One of the things I love about sports writing is that it can be a gateway into so many interesting subjects, and while I'm not learned enough to talk about most of them here, I would venture that there is an element of bias regarding the way we judge the above. When a player like Ramsey explodes in a small sample, we tend to quickly absorb that information into our collective psyche and it becomes the new self evident truth that he is a great player (despite several seasons of reasonable yet unspectacular play, at least from a fantasy perspective). We then place too much weight on these recent events, much like how people stop swimming after a shark attack, despite the fact there are countless things more likely to really kill them that they ignore every day. I believe the term for this specific type of bias is referred to as the availability heuristic.

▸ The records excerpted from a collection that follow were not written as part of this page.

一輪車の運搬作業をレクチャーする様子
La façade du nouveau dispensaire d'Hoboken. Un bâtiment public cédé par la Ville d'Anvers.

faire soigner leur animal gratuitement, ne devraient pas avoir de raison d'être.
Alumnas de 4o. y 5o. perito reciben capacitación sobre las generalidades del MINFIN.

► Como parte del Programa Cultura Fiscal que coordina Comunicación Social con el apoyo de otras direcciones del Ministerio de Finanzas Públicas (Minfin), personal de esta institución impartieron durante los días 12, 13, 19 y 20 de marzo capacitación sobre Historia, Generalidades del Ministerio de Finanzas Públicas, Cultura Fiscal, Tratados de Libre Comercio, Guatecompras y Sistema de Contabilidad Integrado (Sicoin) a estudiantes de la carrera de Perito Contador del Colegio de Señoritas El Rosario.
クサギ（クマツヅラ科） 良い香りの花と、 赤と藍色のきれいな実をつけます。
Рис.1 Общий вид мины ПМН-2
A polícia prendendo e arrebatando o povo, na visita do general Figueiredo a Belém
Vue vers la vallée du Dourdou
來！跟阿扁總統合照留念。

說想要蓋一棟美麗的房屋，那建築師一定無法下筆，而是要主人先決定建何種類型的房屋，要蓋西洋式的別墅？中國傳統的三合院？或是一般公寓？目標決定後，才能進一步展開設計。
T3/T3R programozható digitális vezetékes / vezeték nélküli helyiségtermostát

In the chart we see Aguero has the second highest +/- score for 2013 and one could rationalise that being due to his superior skill and quality teammates. Indeed, that's possibly true to a point. However, he had those very same skills and most of the teammates last year too, yet was actually one of the biggest underperformers last year, serving as a constant source of frustration for his owners. Or take van Persie. Last year he ascended to a new level and was casually thrown into conversations alongside the best in the world, and thus the fact he outperformed his xP by a full 13 points through half a year could be discounted as him simply being better than everyone else. Fast forward 10 months and we have a player who has only just caught up to his xP total for the year, having suffered through some bad luck these past couple of months.

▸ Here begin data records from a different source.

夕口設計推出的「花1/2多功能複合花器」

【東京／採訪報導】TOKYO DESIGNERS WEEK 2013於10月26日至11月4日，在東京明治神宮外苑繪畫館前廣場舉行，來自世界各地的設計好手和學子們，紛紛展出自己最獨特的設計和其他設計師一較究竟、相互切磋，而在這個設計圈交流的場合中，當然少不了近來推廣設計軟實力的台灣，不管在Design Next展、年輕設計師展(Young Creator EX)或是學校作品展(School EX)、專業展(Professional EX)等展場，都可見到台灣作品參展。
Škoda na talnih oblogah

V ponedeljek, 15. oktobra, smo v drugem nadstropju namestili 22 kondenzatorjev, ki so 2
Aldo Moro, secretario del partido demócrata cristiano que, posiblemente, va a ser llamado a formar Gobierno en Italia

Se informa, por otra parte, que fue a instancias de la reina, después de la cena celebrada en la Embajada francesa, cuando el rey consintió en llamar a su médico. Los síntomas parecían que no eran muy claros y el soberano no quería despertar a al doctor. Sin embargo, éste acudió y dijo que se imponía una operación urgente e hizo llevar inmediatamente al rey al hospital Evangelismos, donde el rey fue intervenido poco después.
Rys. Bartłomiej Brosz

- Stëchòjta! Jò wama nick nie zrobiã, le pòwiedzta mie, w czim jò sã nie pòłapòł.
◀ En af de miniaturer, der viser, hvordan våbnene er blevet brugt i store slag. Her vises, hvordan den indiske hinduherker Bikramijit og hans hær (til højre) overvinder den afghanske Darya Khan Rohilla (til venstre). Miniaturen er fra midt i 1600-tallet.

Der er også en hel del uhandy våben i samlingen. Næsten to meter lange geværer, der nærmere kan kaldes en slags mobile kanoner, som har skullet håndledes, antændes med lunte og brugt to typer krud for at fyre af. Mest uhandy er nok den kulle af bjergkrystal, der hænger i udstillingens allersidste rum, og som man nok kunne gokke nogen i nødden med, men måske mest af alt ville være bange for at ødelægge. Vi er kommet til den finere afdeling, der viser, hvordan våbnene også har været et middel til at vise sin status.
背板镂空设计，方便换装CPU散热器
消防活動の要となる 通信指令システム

As a final check, the colour coding relates to the players' team's league position ranging from 1st (green) to last (red). I wondered if we'd tend to see players from the better teams show an ability to repeat positive seasons as they benefit from more quality chances per game. I guess this works to a degree in that those in the bottom left quadrant generally play for better teams, yet there's not enough here to really draw any solid conclusions.
It's always good to challenge forecasts like the ones you find in these pages - especially the ones found in these pages! - but caution should also be exercised when dismissing data which contradicts our current view of the game. There are certainly aspects of a player's game which can consistently be above average (SoT% for one) but others seem far less repeatable. The current iteration of the model adjusts for these differences and thus that's why we're going to see turnover in the players who over or underachieve expectations.
"When I look at this chart I don't see underperformers or overperformers all I see is players on form who are capitalising on their chances (Ramsey and Rooney) and players who are of such quality that they will always out perform the normal (Aguero and Yaya) . . . I believe that if you reconstructed this table after xmas with a start date of tomorrow then the same players would occupy the two sides."
It's a fair proposition and one I wanted to examine further. I think there's a general discomfort with the idea of regressing players' production to the mean as it seems to suggest they are all created equally. A couple of responses to that:
- For conversion rates which appear to be repeatable year on year, such as shot on target percentage (SoT%), we regress players to their own historical rates (where available). This means that if we say Olivier Giroud has an unsustainable SoT%, we're not saying his is too high compared with Danny Graham or Frazier Campbell, we're saying it's way above his own historic rate.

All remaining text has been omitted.